说说笑笑,许多日子,诸葛亮来舌战群儒,下人自把战况告诉曲中求,曲中求和花瓣茶香在家里烧肉吃,炉子里的火烧得很旺,花瓣茶香拢着手,靠得炉子近些,烘着手。
不过一日,曲中求点着火等那班人前来,张昭问道:“都督知道江东现在的情况吗?”曲中求道:“什么事?”张昭说:“昨日诸葛亮前来说词,江东的祸不远了!”曲中求问其他人道:“你们的意思呢?也是一样吗?那我知道了,我也赞同你们,明早见主公,再说。”众人离去。
不一会儿又报告说黄盖那一班武将到了,曲中求道:“让他们进来。”欢笑着迎了出去,程普说:“都督知道江东要是他人的了没有?”曲中求道:“什么事?”程普说:“我们好不容易打下来的城池,可是那些文官却要投降,我们希望都督能劝主公。”曲中求道:“你们是一个意思吗?那我知道了,明天我一定回主公!”众人离去。

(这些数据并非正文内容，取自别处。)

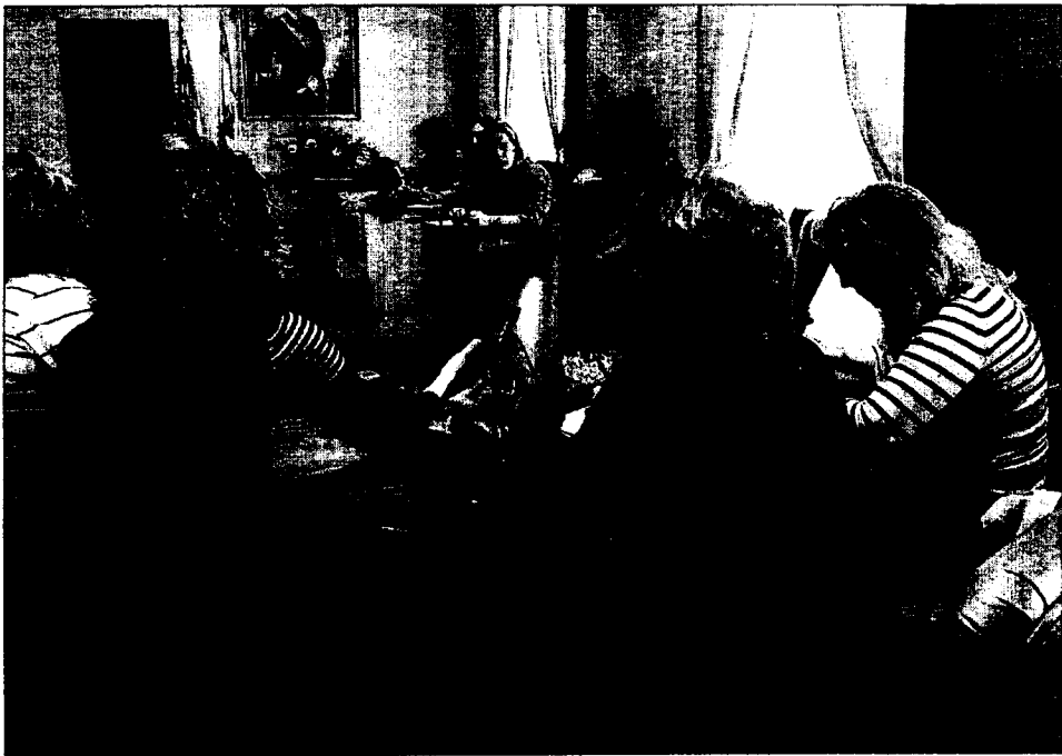
Etelvina Andreu, subdelegada del Gobierno en Alicante, reunida ayer con asociaciones de mujeres.

El foro, que extenderá su campo de acción a la violencia familiar hacia menores, mayores y personas dependientes en general, tendrá carácter consultivo y como lugar "de debate y de ideas", del que surjan propuestas dirigidas a las diversas administraciones. Trabaja en cinco áreas: investigación —analizar las causas, y consecuencias o el seguimiento de los procesos judiciales—, sensibilización —campañas publicitarias—, prevención —estudio de asignaturas de igualdad—, protección —propuestas de modificaciones legislativas en leyes penales, civiles y laborales— y formación —se crearán programas específicos dirigidos a jueces, fiscales, profesores o policías, entre otros, para hacerlos miembros activos en la lucha contra la violencia de género—.
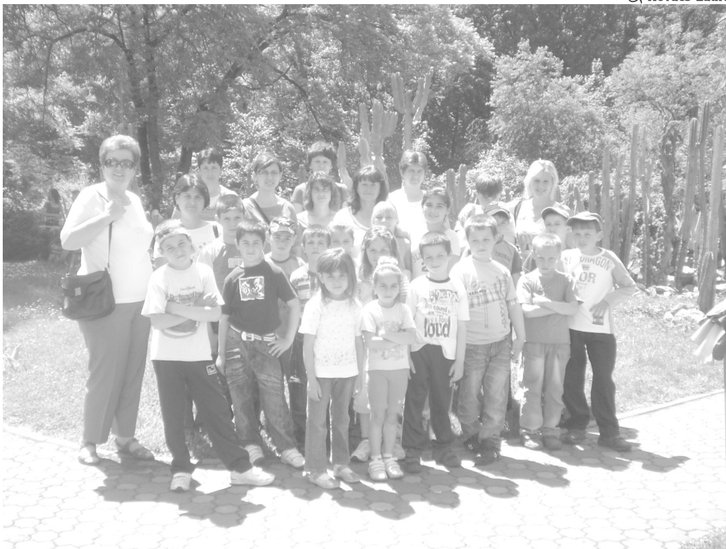
A kirándulók a kolozsvári botanikus kert növényei között

Friss vízzel töltöttük meg üres palackjainkat a Sebes Körös forrásánál, pénzt költöt-
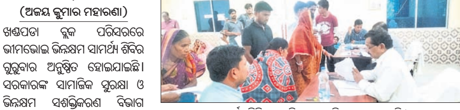
ସାମର୍ଥ୍ୟ ଶିବିରରେ ଭିନକ୍ଷମକୁ ଚିହ୍ନଟ କରାଯାଇଛି ।

又有诸葛瑾等文人,甘宁等武官前来。要战要和,曲中求道:“今天不早了,明天再说吧!”众人才告退而去。曲中求对屏障后的花瓣茶香道:“茶,还躲里面做什么?我的手好冷,冷的跟块千年寒冰似的,你不把我给化了。”花瓣茶香笑着从后面出来,把个小炉子递给曲中求,“那就干脆化个干脆。”曲中求打开青铜的小火炉,用小铲子拨了点干柴,“还有火星字。”花瓣茶香道:“用厚棉裹着,小心烫了手。”
两人吹了灯歇下,“哎!要打仗了!不能抱着你睡了!所剩日子不多,干脆一次捂个够。”花瓣茶香道:“江东人才济济,你怕什么?你的脚怎么冻成这样?别靠着我。”曲中求道:“不啦!我就要靠着你,暖着!”整个头都躲进了被子,花瓣茶香拎着耳朵道:“叫你不听话!出来!”曲中求拼命往里缩,“现在可是冬天,冷啦!”心道:“这曹操也真是的,冬天打什么仗?冷哟!”
忽又人说鲁肃,孔明来了,曲中求不得不起了被窝,“这诸葛亮——”穿了衣服起来,到前厅迎客,鲁肃问曲中求道:“现在曹操用兵,大家和战不详,公瑾如何看?”曲中求道:“曹操用兵名正言顺,而且他的队伍又大,我们硬拼的话,少不了失败,不如投降了他,到时大家都好。”鲁肃说:“未必,像将军这样的人才,一定能够打败曹操。”
孔明冷笑,曲中求问道:“孔明先生你笑什么?”孔明道:“我笑鲁肃不识时务。”鲁肃道:“为什么笑我?”孔明说:“公瑾说投降也不是没有道理,现在许多豪杰败在曹操手下,只有我们主公不识相,要与其抗争。”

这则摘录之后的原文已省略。